#### Input data ####

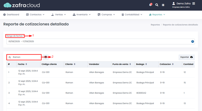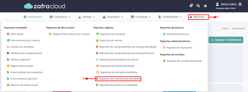 Ingresaremos al módulo de Reportes -> Reporte de cotizaciones detallado
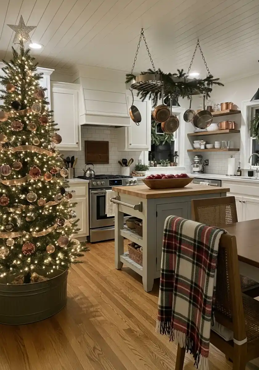 I’m obsessed with the big evergreen tucked into a galvanized tub beside the island. The soft warm lights, rose gold ornaments, and ribbon feel calm, not shouty. I’d keep the lights on a dimmer and stick to one metallic so it doesn’t fight the copper pots. The pot rack swagged with simple greens is smart too. It frames the work zone without dropping needles into dinner.
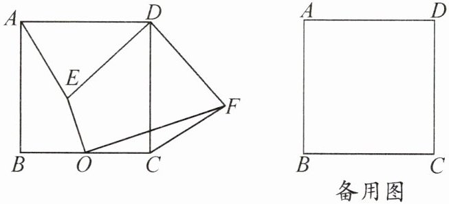 推理能力 如图,在正方形 $ ABCD $ 中,$ AB = 2\sqrt{5} $,$ O $ 是 $ BC $ 的中点,$ E $ 是正方形内一动点,$ OE = 2 $,连接 $ DE $,将线段 $ DE $ 绕点 $ D $ 逆时针旋转 $ 90^{\circ} $ 得到线段 $ DF $,连接 $ AE $,$ CF $,$ OF $.
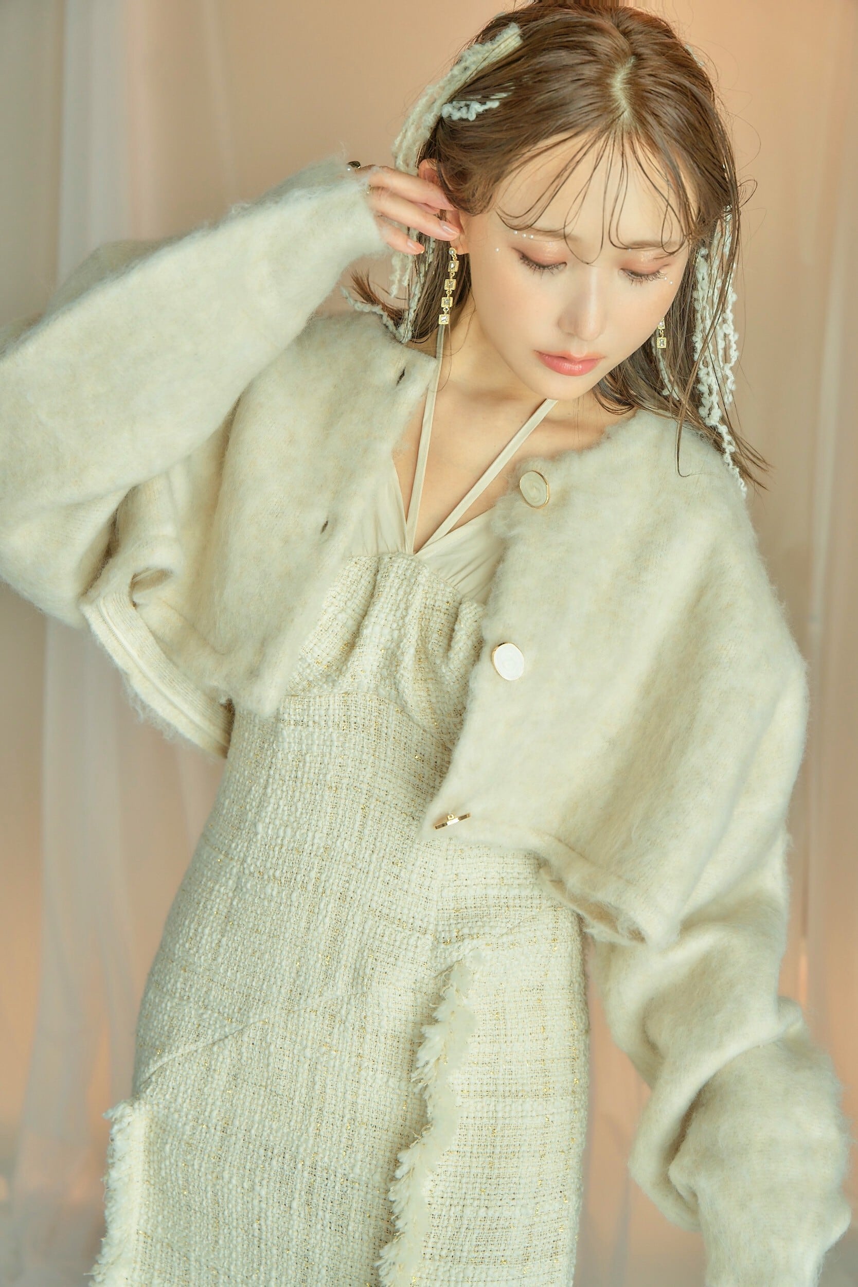 ふんわりとしたリッチな起毛感のモヘアミックスニット素材を使用した
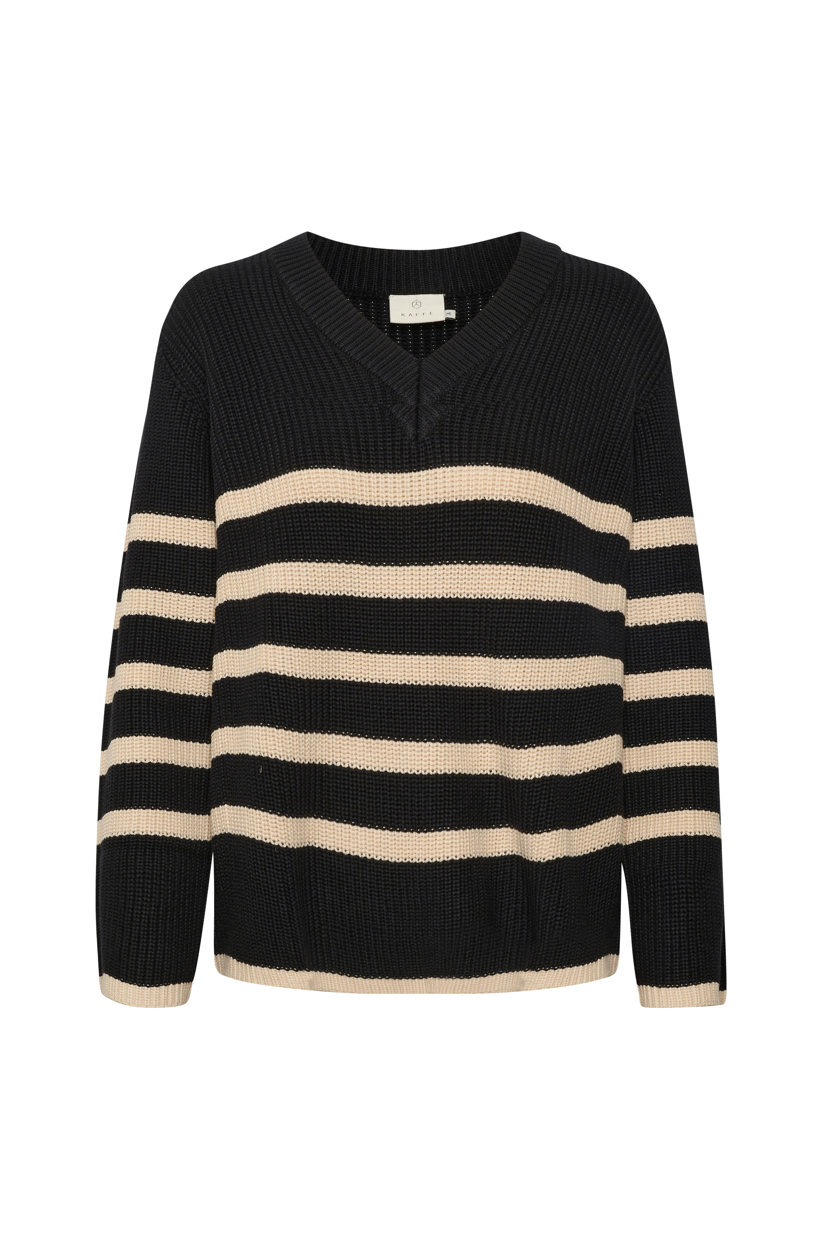 • Strikket trøje• V-formet halsudskæring med ribbet kant• Nedsænkede skuldre
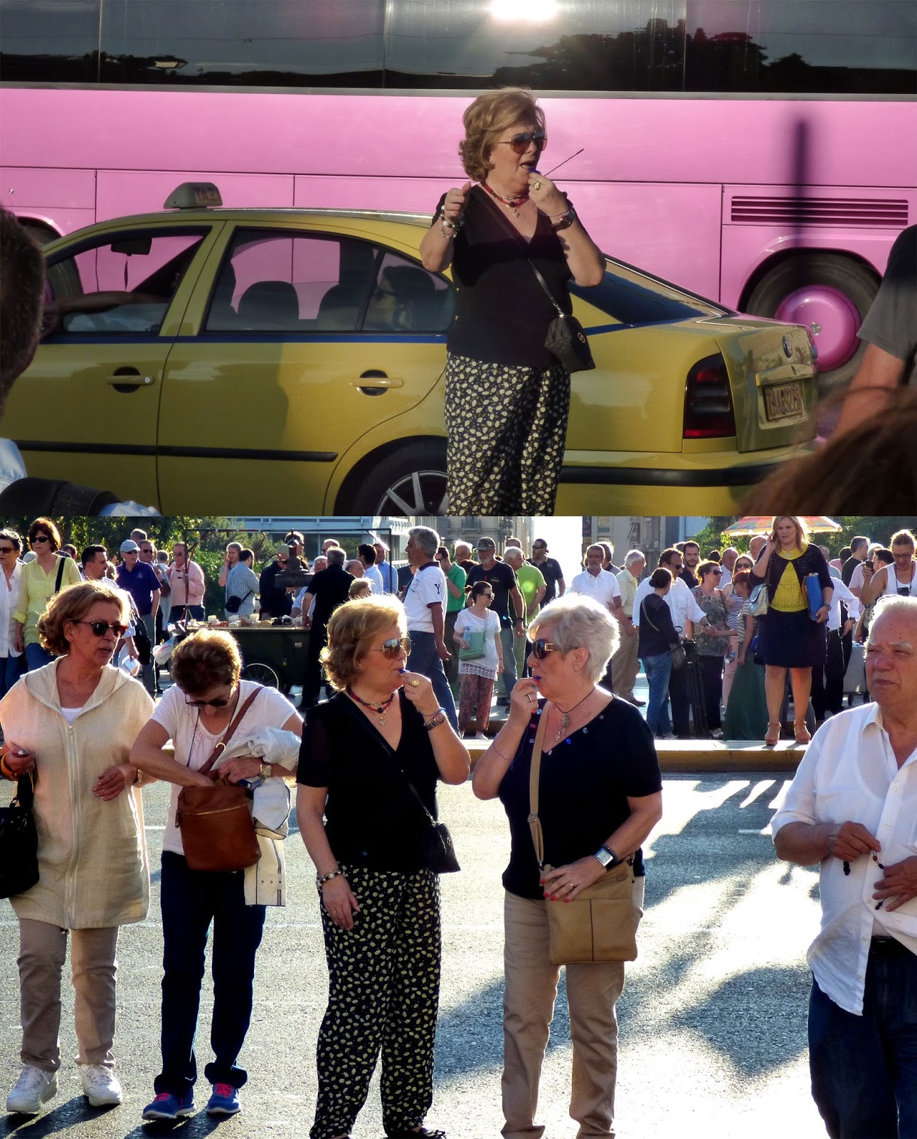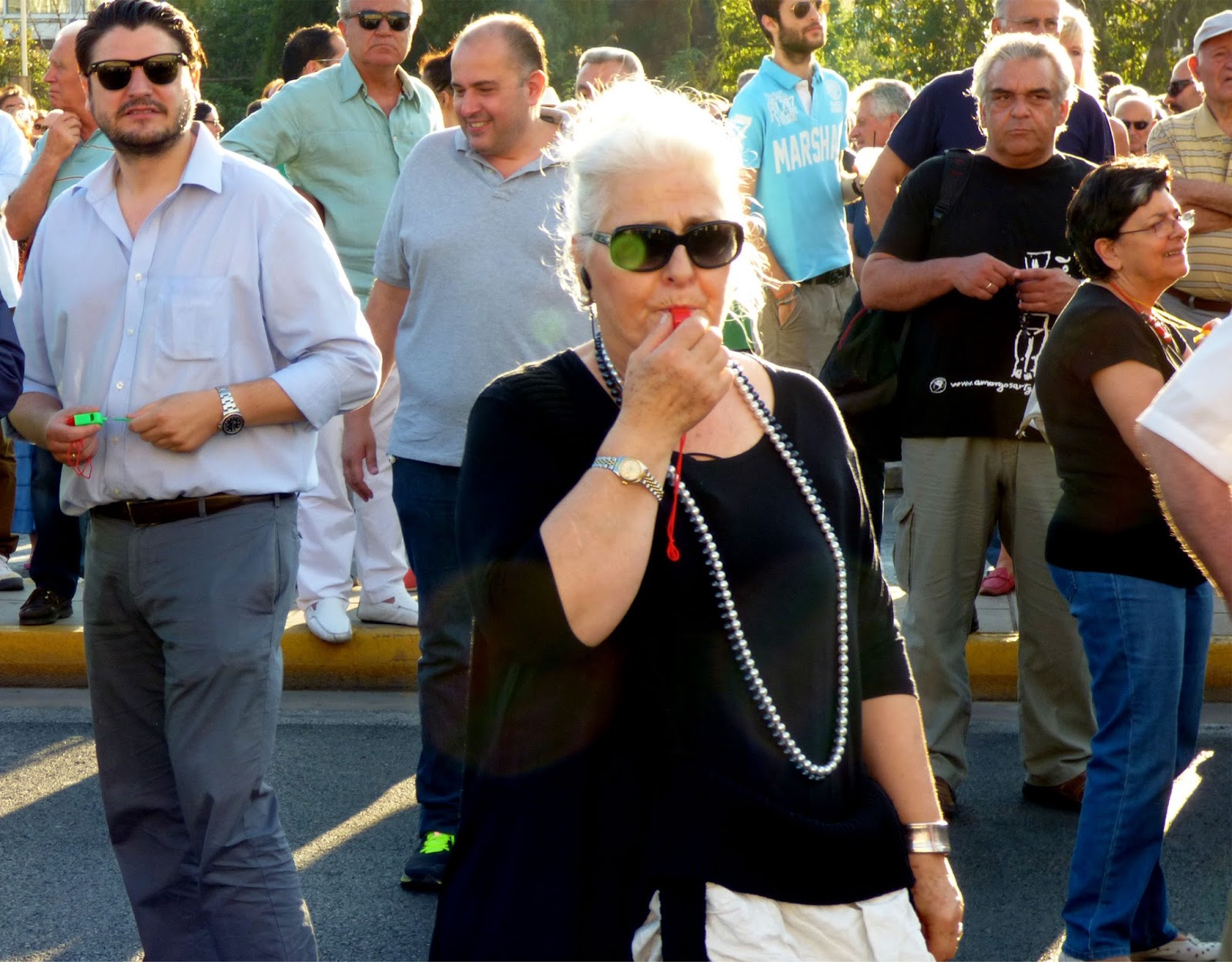 πολύχρωμες σφυρίχτρες, άρχισε να κατακλύζει την Αμαλίας. Κάπου εκεί

####

• [The problem]: Hand back the exact lines from the start of the entries to the line with "I’m obsessed with", both ends kept and pictures left out.

• [Answer section]:
 Ingresaremos al módulo de Reportes -> Reporte de cotizaciones detallado
 I’m obsessed with the big evergreen tucked into a galvanized tub beside the island. The soft warm lights, rose gold ornaments, and ribbon feel calm, not shouty. I’d keep the lights on a dimmer and stick to one metallic so it doesn’t fight the copper pots. The pot rack swagged with simple greens is smart too. It frames the work zone without dropping needles into dinner.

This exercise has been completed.